The expected output is the data below, character for character, without its pictures.

────

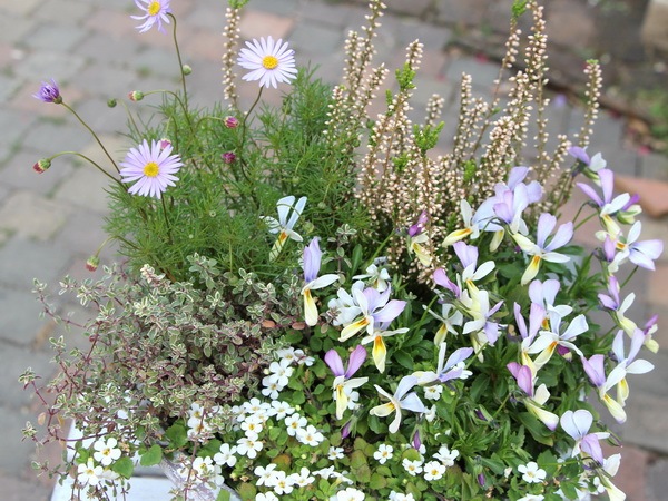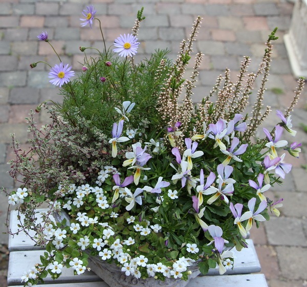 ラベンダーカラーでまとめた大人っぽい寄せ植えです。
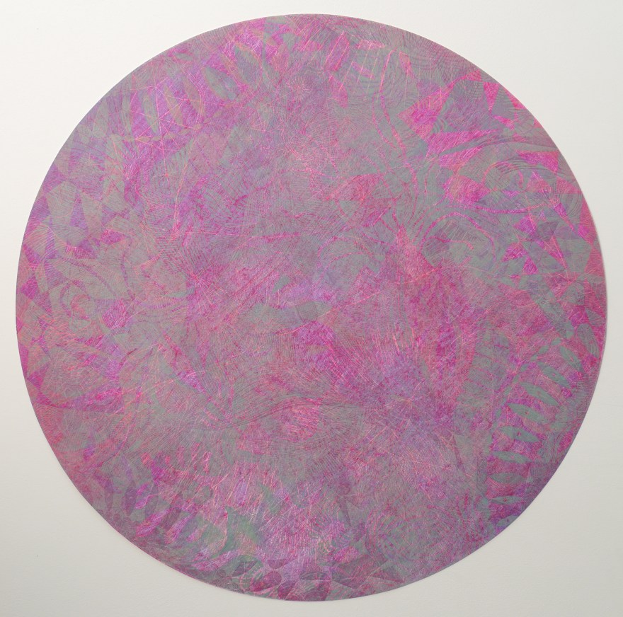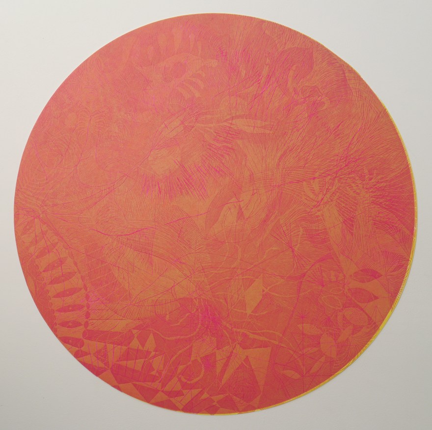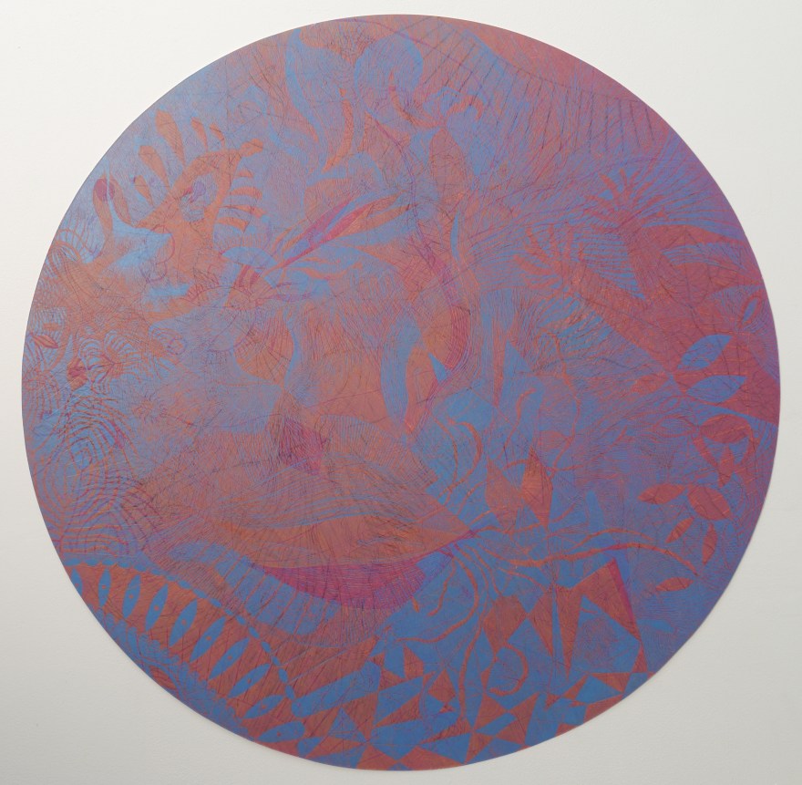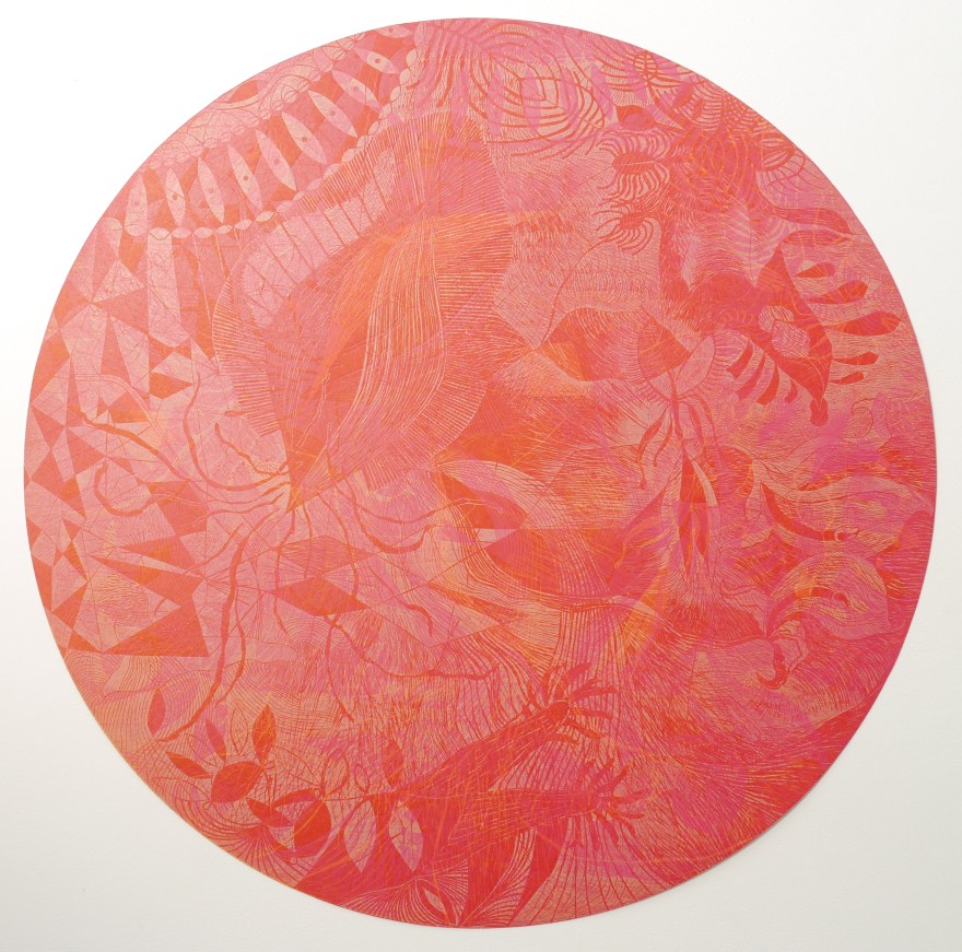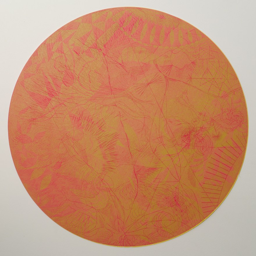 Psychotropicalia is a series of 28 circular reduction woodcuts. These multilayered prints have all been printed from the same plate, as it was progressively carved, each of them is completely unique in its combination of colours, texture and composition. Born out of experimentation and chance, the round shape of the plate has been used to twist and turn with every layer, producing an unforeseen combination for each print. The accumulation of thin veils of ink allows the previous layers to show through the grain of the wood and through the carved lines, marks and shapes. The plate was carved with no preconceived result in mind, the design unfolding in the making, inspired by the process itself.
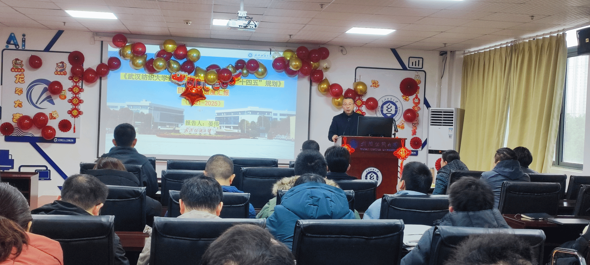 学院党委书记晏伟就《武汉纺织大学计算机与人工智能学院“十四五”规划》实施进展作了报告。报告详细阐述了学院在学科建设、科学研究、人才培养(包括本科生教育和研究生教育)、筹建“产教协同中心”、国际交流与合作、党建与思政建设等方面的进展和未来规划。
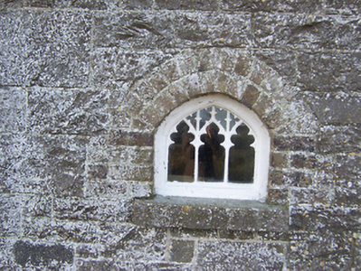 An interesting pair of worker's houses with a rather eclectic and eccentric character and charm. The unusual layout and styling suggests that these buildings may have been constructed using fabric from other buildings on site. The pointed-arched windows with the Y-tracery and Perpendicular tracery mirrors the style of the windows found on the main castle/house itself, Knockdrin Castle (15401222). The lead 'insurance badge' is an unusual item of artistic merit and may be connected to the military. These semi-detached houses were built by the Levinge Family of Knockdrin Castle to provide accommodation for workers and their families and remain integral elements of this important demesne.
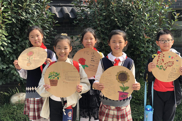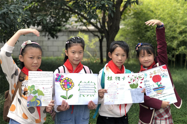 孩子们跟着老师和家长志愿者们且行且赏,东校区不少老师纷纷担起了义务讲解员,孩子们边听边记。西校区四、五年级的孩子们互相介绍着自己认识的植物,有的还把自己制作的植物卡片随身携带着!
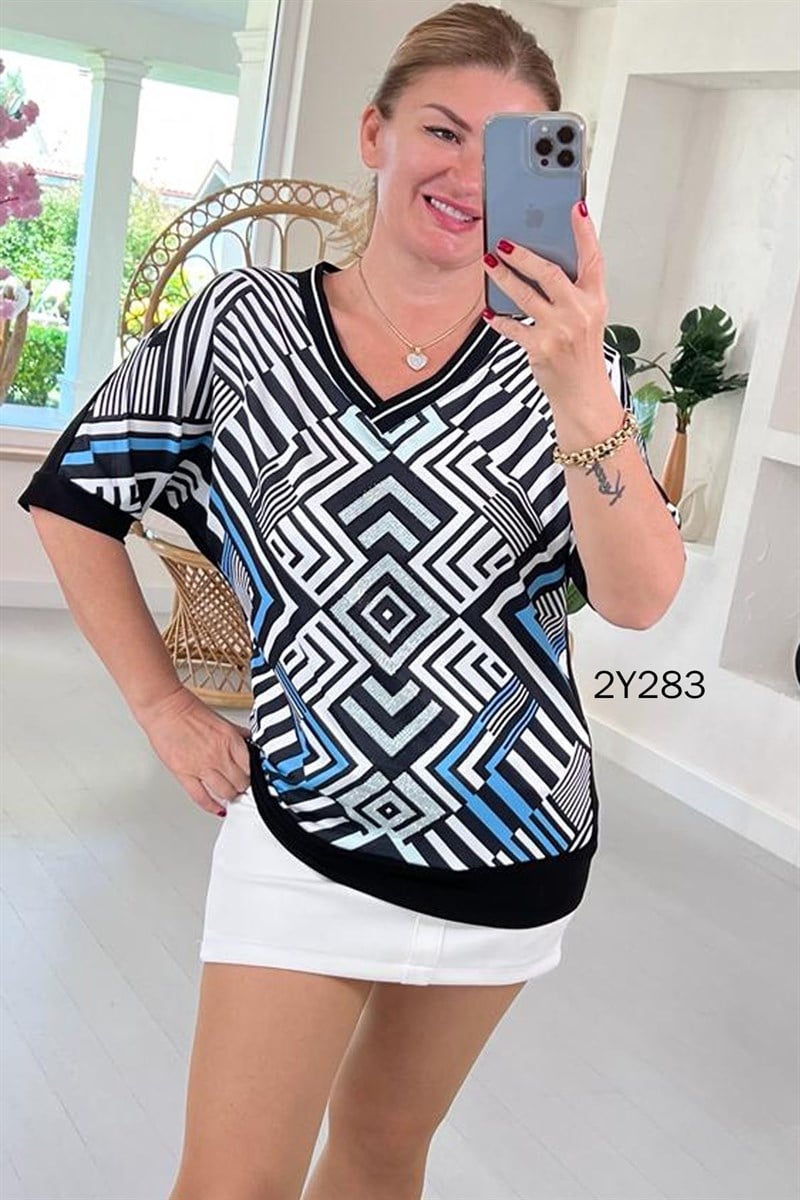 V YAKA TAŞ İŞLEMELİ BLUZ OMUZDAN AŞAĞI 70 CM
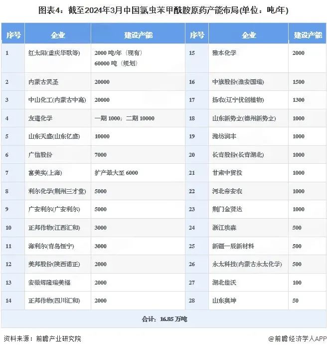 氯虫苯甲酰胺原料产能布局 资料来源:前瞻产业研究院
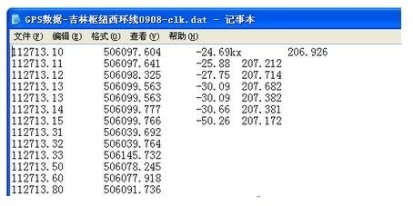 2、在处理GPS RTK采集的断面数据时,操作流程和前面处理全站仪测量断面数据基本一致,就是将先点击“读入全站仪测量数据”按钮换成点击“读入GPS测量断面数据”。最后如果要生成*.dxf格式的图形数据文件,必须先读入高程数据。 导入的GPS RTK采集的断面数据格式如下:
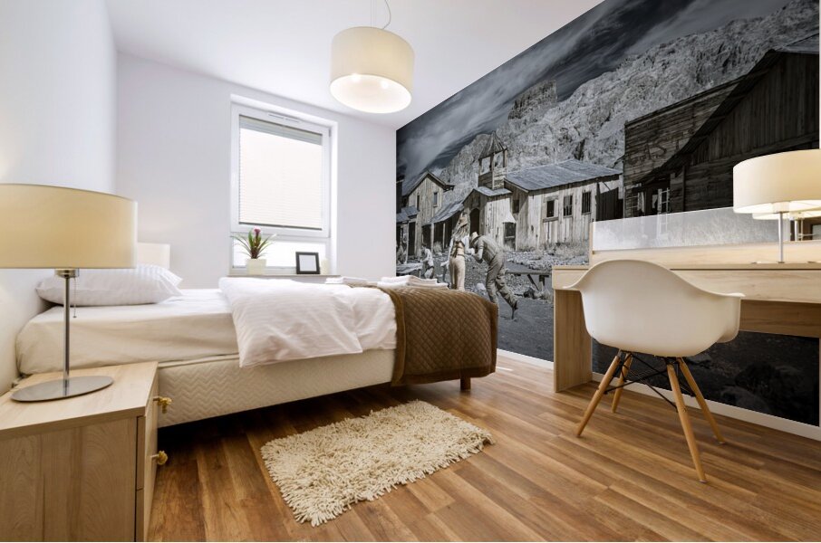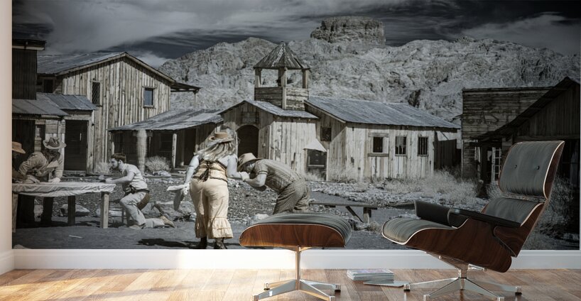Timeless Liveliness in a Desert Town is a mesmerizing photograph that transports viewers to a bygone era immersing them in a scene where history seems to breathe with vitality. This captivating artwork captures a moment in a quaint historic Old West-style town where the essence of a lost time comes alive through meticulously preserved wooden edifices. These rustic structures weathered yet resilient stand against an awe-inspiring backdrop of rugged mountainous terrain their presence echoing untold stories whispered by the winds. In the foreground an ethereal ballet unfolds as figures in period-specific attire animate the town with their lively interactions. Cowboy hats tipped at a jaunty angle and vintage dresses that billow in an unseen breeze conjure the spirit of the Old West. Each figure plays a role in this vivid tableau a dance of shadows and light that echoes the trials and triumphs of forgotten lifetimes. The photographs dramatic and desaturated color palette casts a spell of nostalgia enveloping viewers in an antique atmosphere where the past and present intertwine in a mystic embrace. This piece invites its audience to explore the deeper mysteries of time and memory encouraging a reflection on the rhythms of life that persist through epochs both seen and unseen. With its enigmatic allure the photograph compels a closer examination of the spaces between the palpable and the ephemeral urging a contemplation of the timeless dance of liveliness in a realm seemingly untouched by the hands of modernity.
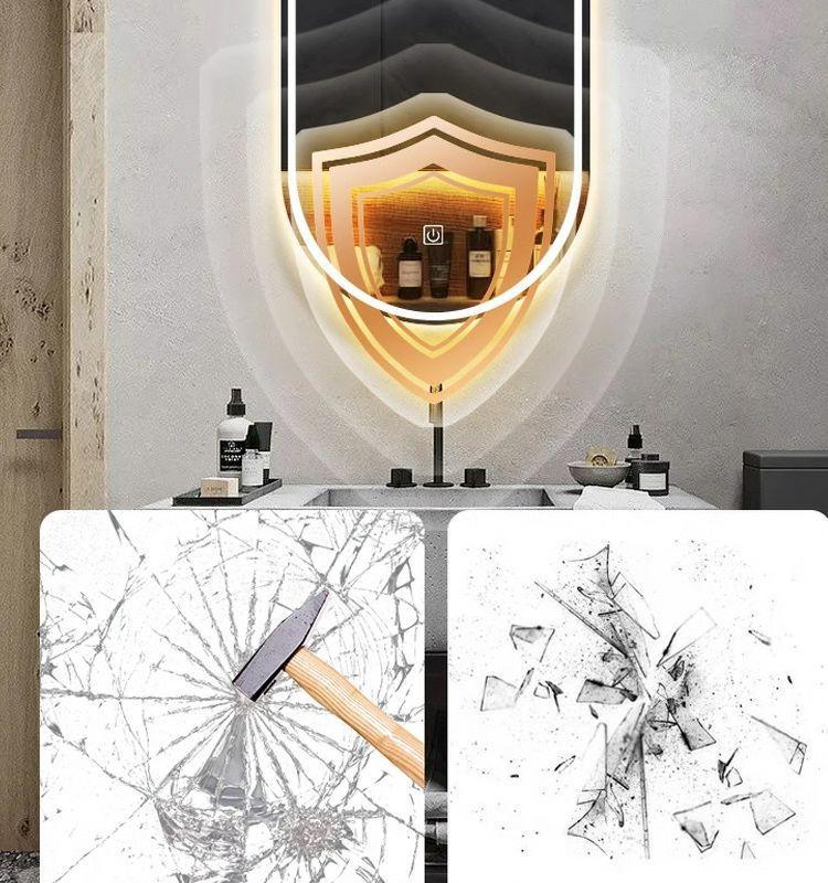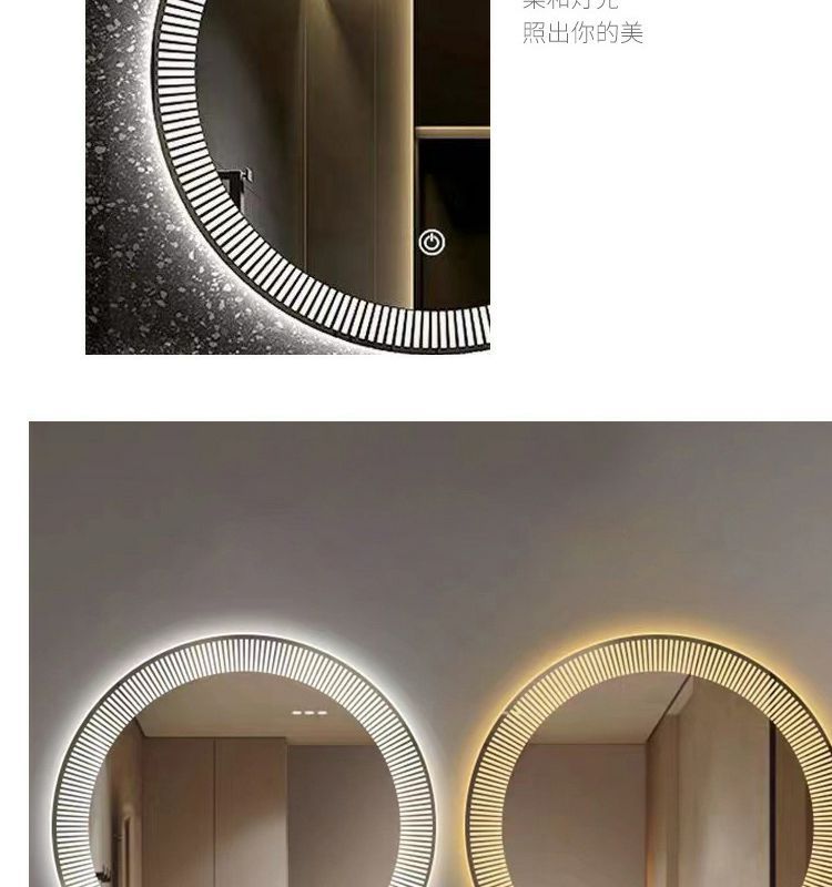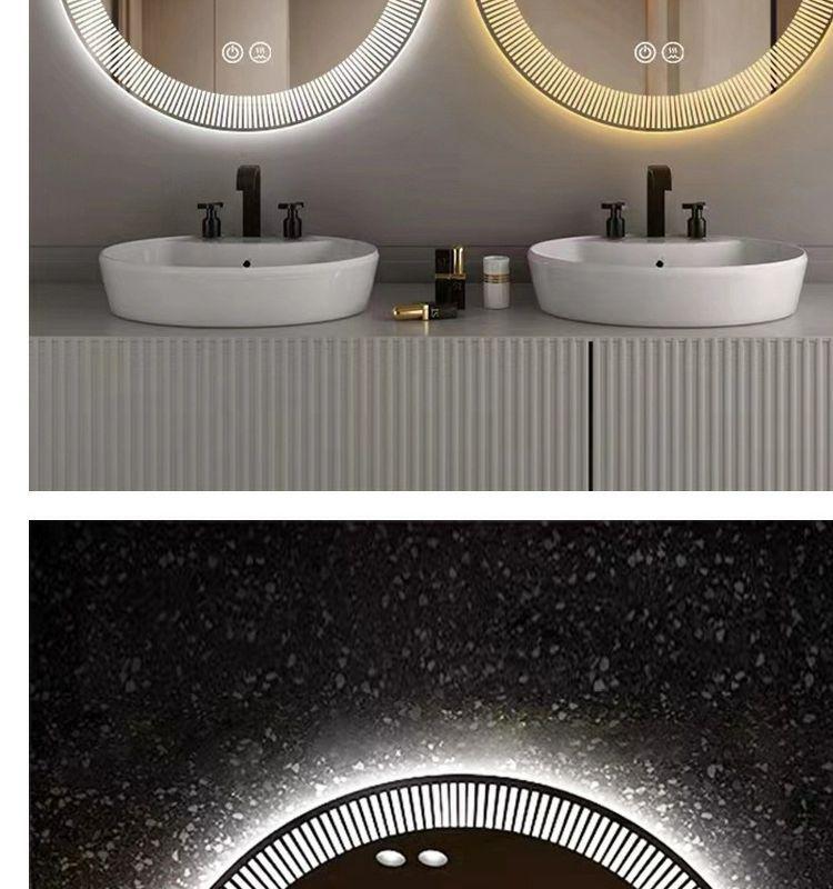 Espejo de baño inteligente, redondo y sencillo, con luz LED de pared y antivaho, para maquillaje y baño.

────

== Solution ==
 ラベンダーカラーでまとめた大人っぽい寄せ植えです。
 Psychotropicalia is a series of 28 circular reduction woodcuts. These multilayered prints have all been printed from the same plate, as it was progressively carved, each of them is completely unique in its combination of colours, texture and composition. Born out of experimentation and chance, the round shape of the plate has been used to twist and turn with every layer, producing an unforeseen combination for each print. The accumulation of thin veils of ink allows the previous layers to show through the grain of the wood and through the carved lines, marks and shapes. The plate was carved with no preconceived result in mind, the design unfolding in the making, inspired by the process itself.
 学院党委书记晏伟就《武汉纺织大学计算机与人工智能学院“十四五”规划》实施进展作了报告。报告详细阐述了学院在学科建设、科学研究、人才培养(包括本科生教育和研究生教育)、筹建“产教协同中心”、国际交流与合作、党建与思政建设等方面的进展和未来规划。
 An interesting pair of worker's houses with a rather eclectic and eccentric character and charm. The unusual layout and styling suggests that these buildings may have been constructed using fabric from other buildings on site. The pointed-arched windows with the Y-tracery and Perpendicular tracery mirrors the style of the windows found on the main castle/house itself, Knockdrin Castle (15401222). The lead 'insurance badge' is an unusual item of artistic merit and may be connected to the military. These semi-detached houses were built by the Levinge Family of Knockdrin Castle to provide accommodation for workers and their families and remain integral elements of this important demesne.
 孩子们跟着老师和家长志愿者们且行且赏,东校区不少老师纷纷担起了义务讲解员,孩子们边听边记。西校区四、五年级的孩子们互相介绍着自己认识的植物,有的还把自己制作的植物卡片随身携带着!
 V YAKA TAŞ İŞLEMELİ BLUZ OMUZDAN AŞAĞI 70 CM
 氯虫苯甲酰胺原料产能布局 资料来源:前瞻产业研究院
 2、在处理GPS RTK采集的断面数据时,操作流程和前面处理全站仪测量断面数据基本一致,就是将先点击“读入全站仪测量数据”按钮换成点击“读入GPS测量断面数据”。最后如果要生成*.dxf格式的图形数据文件,必须先读入高程数据。 导入的GPS RTK采集的断面数据格式如下:
Timeless Liveliness in a Desert Town is a mesmerizing photograph that transports viewers to a bygone era immersing them in a scene where history seems to breathe with vitality. This captivating artwork captures a moment in a quaint historic Old West-style town where the essence of a lost time comes alive through meticulously preserved wooden edifices. These rustic structures weathered yet resilient stand against an awe-inspiring backdrop of rugged mountainous terrain their presence echoing untold stories whispered by the winds. In the foreground an ethereal ballet unfolds as figures in period-specific attire animate the town with their lively interactions. Cowboy hats tipped at a jaunty angle and vintage dresses that billow in an unseen breeze conjure the spirit of the Old West. Each figure plays a role in this vivid tableau a dance of shadows and light that echoes the trials and triumphs of forgotten lifetimes. The photographs dramatic and desaturated color palette casts a spell of nostalgia enveloping viewers in an antique atmosphere where the past and present intertwine in a mystic embrace. This piece invites its audience to explore the deeper mysteries of time and memory encouraging a reflection on the rhythms of life that persist through epochs both seen and unseen. With its enigmatic allure the photograph compels a closer examination of the spaces between the palpable and the ephemeral urging a contemplation of the timeless dance of liveliness in a realm seemingly untouched by the hands of modernity.
 Espejo de baño inteligente, redondo y sencillo, con luz LED de pared y antivaho, para maquillaje y baño.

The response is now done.